Education Minister Nancy Allan is proving to be a great interview.
My interview with Allan yesterday about whether students should get docked marks for turning in assignments late -- and related issues of tardiness and attitude that won’t be tolerated post-graduation -- led to our flare story on A3 and became considerable subsequent fodder for at least two radio stations this morning.
It’s not the first time I’ve had an interview with Allan that led to pretty good stories.
While Allan uses that awful word ‘stakeholders’ far too often, she still talks like a real person, so far not assimilated by the pod people into jargon-and-acronym-crammed eduspeak.
Of course, she followed NDP strategy and blamed the Tories back in 1997 for the guidelines that have led to many classes in which kids don’t get docked marks for missing deadlines, or getting all kinds of second and third chances without consequence.
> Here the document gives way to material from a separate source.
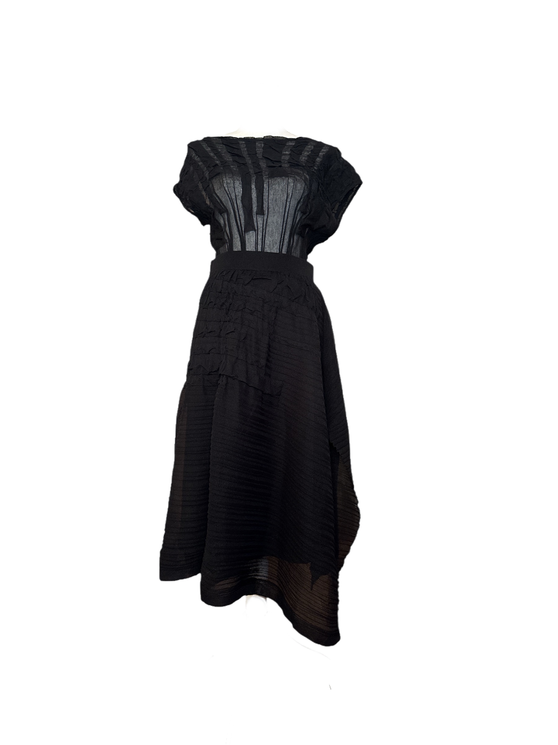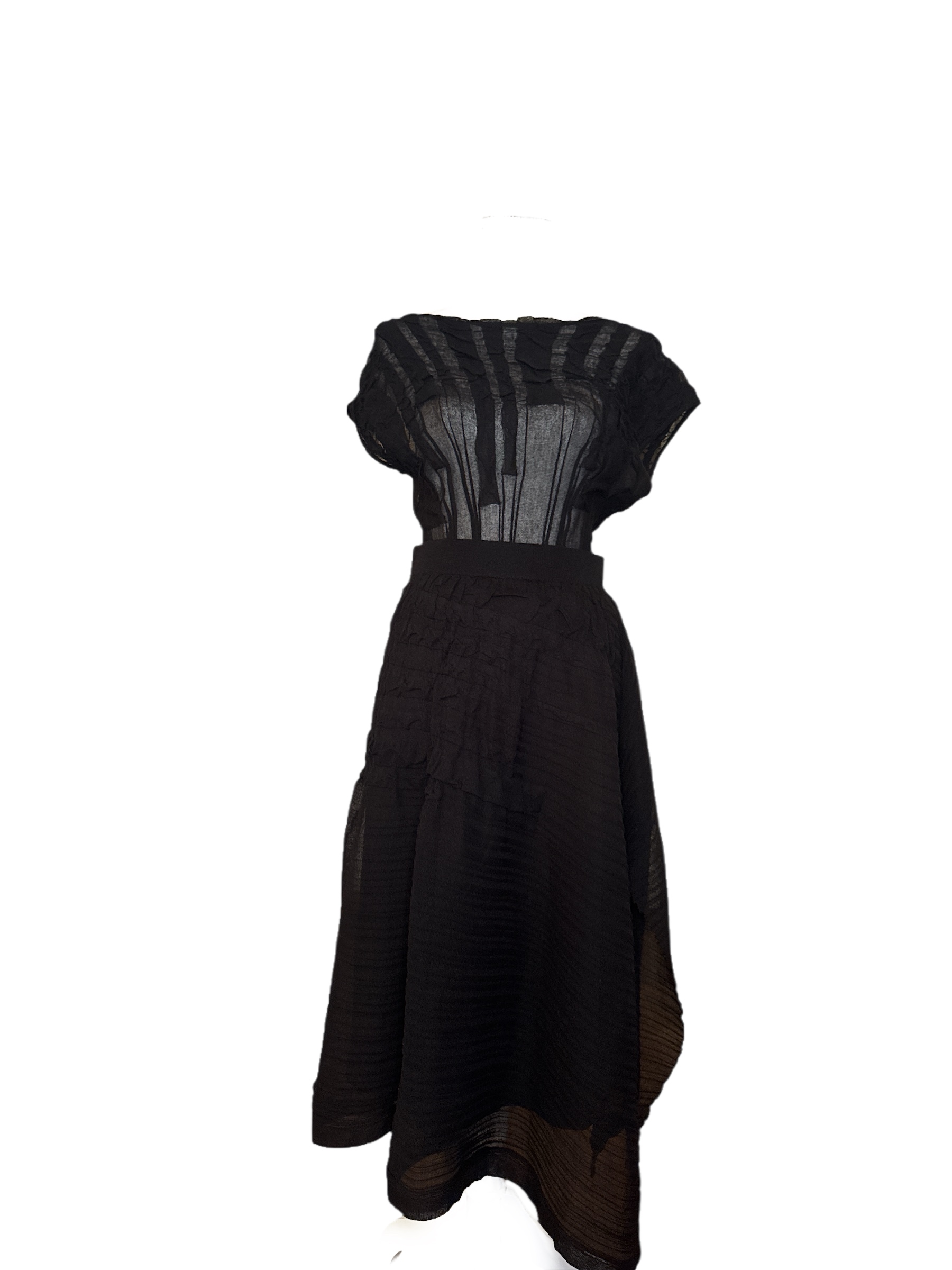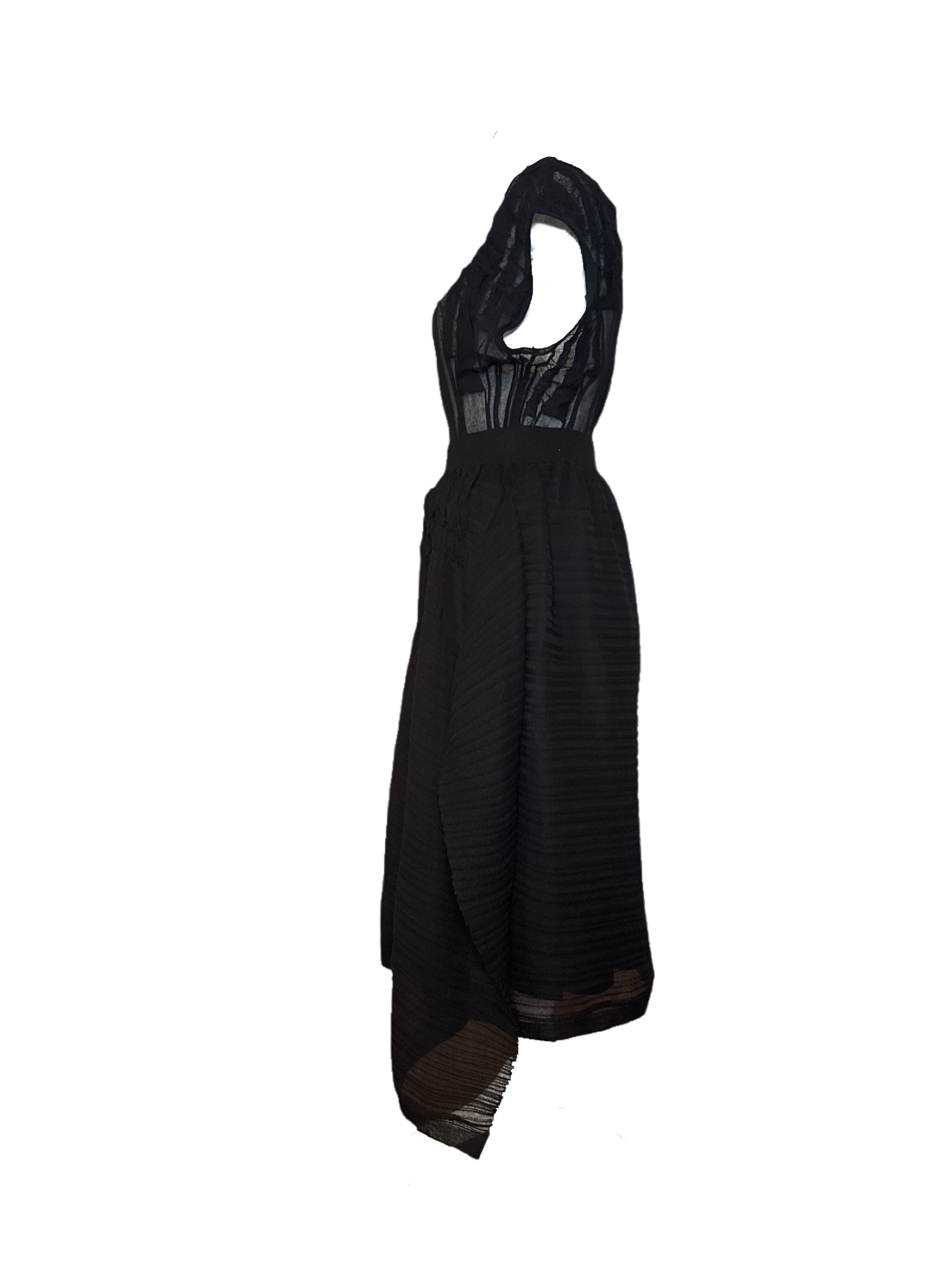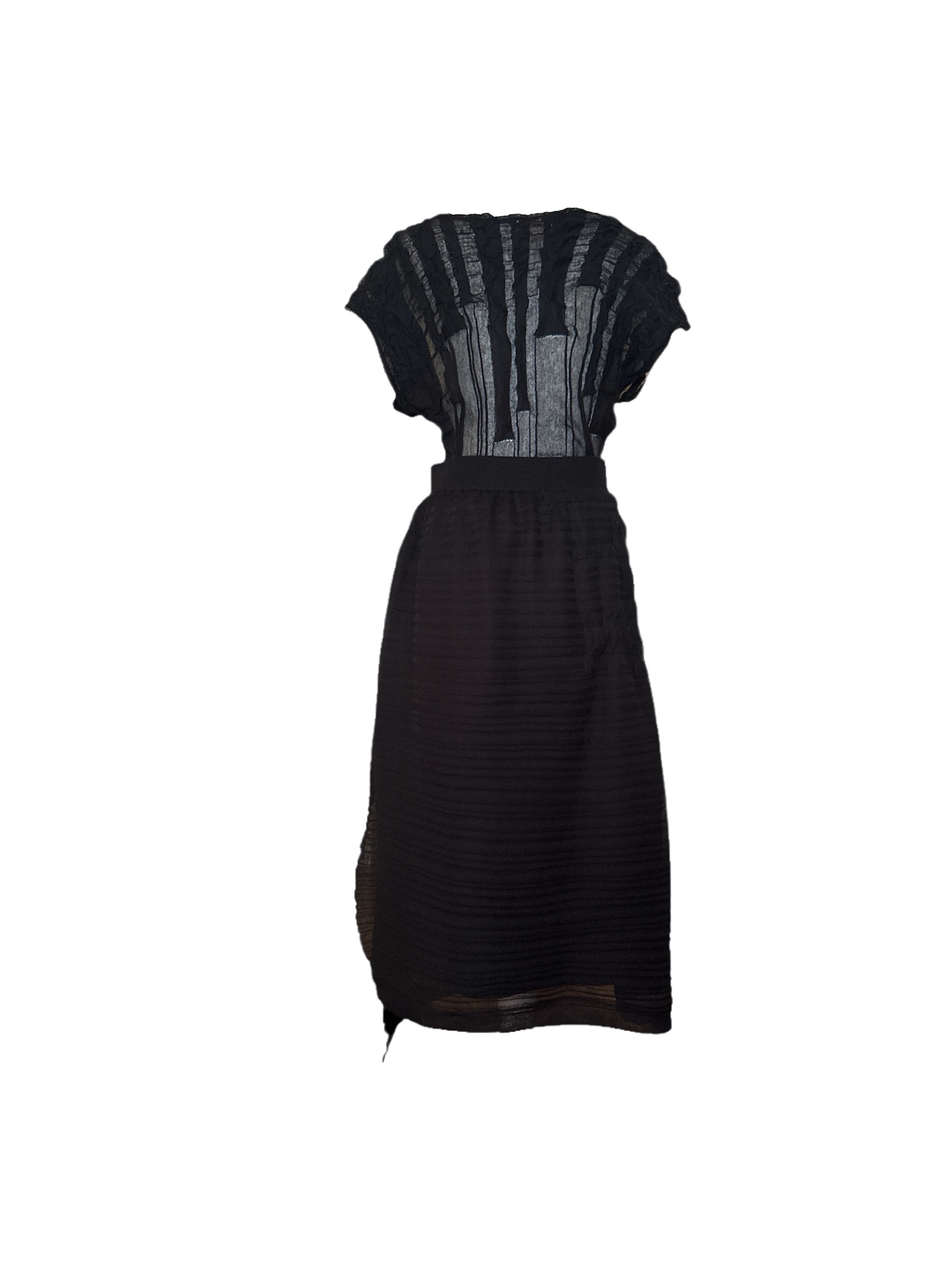 Corpetto trasparente con pannelli verticali in tessuto plissettato, maniche corte leggermente arricciate.

But what was also amazing was what happened when I reminded Allan that her NDP predecessor, Peter Bjornson, had sent out a letter last June which reinforced those guidelines.
"You’re absolutely right," Allan told me — something I don’t hear very often. "That’s correct, Peter did, minister Bjornson did."
But Allan said she has certainly been hearing about it from — sigh, yuck — stakeholders, and in this particular case, she may actually be amending the approach of the NDP’s going-on-11-years in government, if not reversing that particular stand, on docking marks for late assignments.
We’ll keep calling the minister and working on a clear resolution on umpteen other issues — after all, there’s a strong consensus among the stakeholders for clarity and transparency in the interests of positive learning outcomes for our greatest resource, and for our future, the children of Manitoba.